Dolly Hinckley

Division of Marital Assets in Divorce

Mediation[1]

When getting a divorce, one of the two man decisions for a couple to make involves financial issues, including dividing assets/liabilities.  (The other main issue addresses parenting, if there are children of the marriage.) 

One question to ask when dividing assets is: what exactly is a marital asset?   There may be different definitions in various states, but probably most definitions would be that a marital asset is something that has been accumulated during the marriage, barring a gift or inheritance.  In New YorkState, it does not matter whose name the asset is in, it is marital.  In community property states, or other states perhaps, marital assets may not be treated in the same way when making a decision on the division. 

These marital assets may include the marital residence, retirement benefits, vehicles, savings, checking, brokerage accounts, household items, insurance cash value, intellectual property, businesses, and, in New York, professional licenses and practices. 

Each state has guidelines for couples to help them in splitting their marital property.   In New York, the guidelines provide for an “equitable” distribution, but not necessarily an equal one. 

Since financial disclosure is necessary, documentation for the stated value of each asset should be provided before any decision is made – bank statements, retirement benefits statements, brokerage statements, house market value, pension evaluations, business evaluations, etc.
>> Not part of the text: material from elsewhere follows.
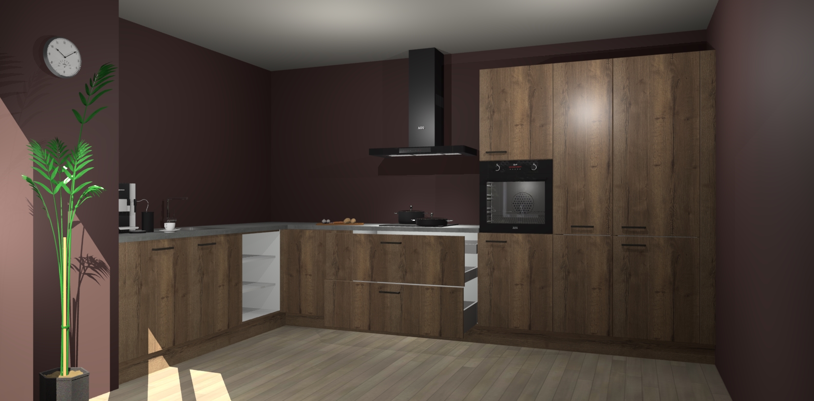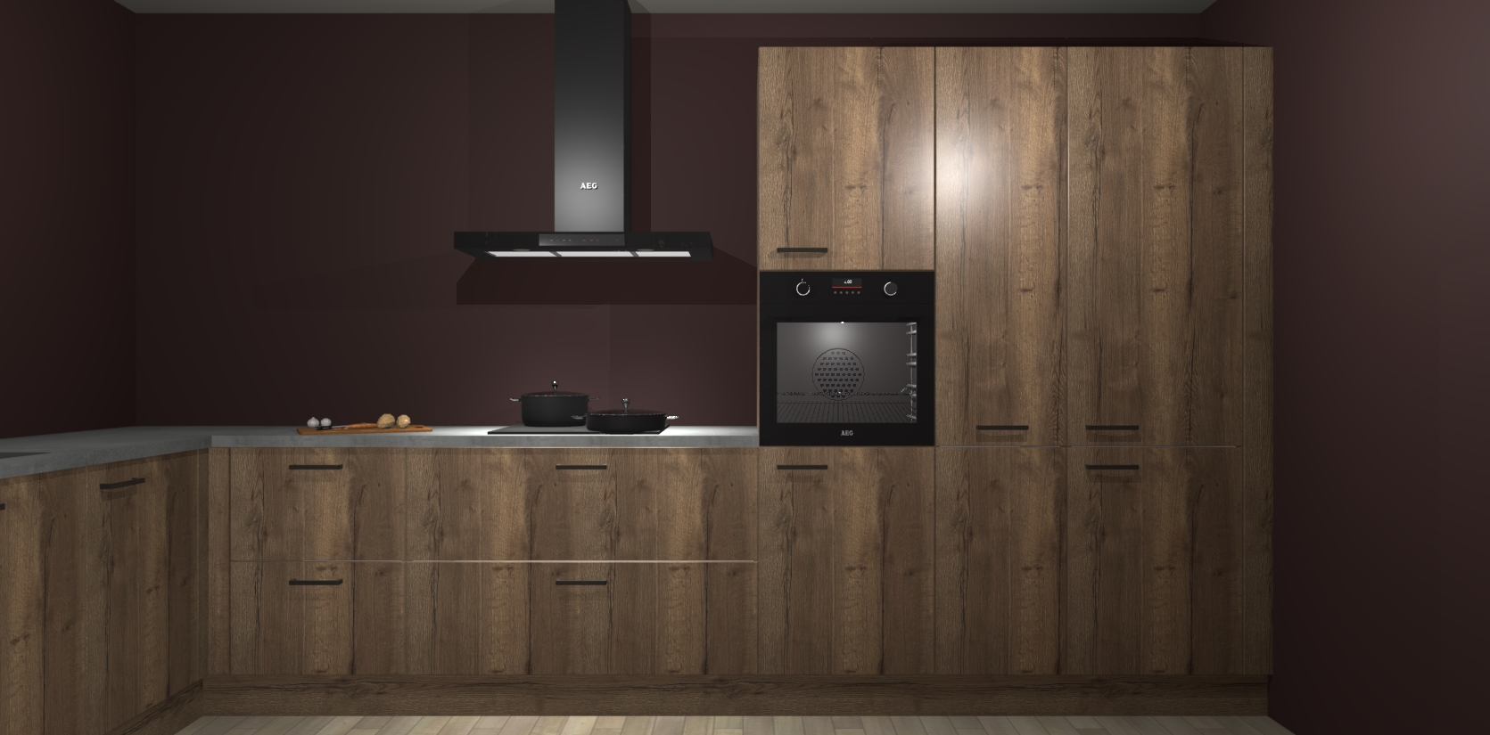 Welkom bij de chocolade eiken keuken Nuuk. Deze prachtige keuken zal de komende jaren het middelpunt van de belangstelling in uw huis zijn. Uitgerust met vijf inbouwapparaten komt u nooit kookgereedschap tekort.

Each individual asset does not have to be divided in half.   An amusing example would be, in the case of a car:  “you get the front half and I get the back half” of the car.   An extreme example was found in the movie, The War of the Roses, where the Roses drew a line down the middle of their house, and each lived in half.    Instead, all assets and liabilities can be put into one pot and individual assets and liabilities assigned to each party.    A simple net worth statement of assets and liabilities would easily show if the division is an equal division, or, more importantly, an equitable division in the eyes of the parties.   The net worth is obtained by subtracting the total of his/her liabilities from the total value of his/her assets, the result being the dollar net worth to each party.   Is the parties’ intent to have this come out relatively equally or is “close enough good enough”?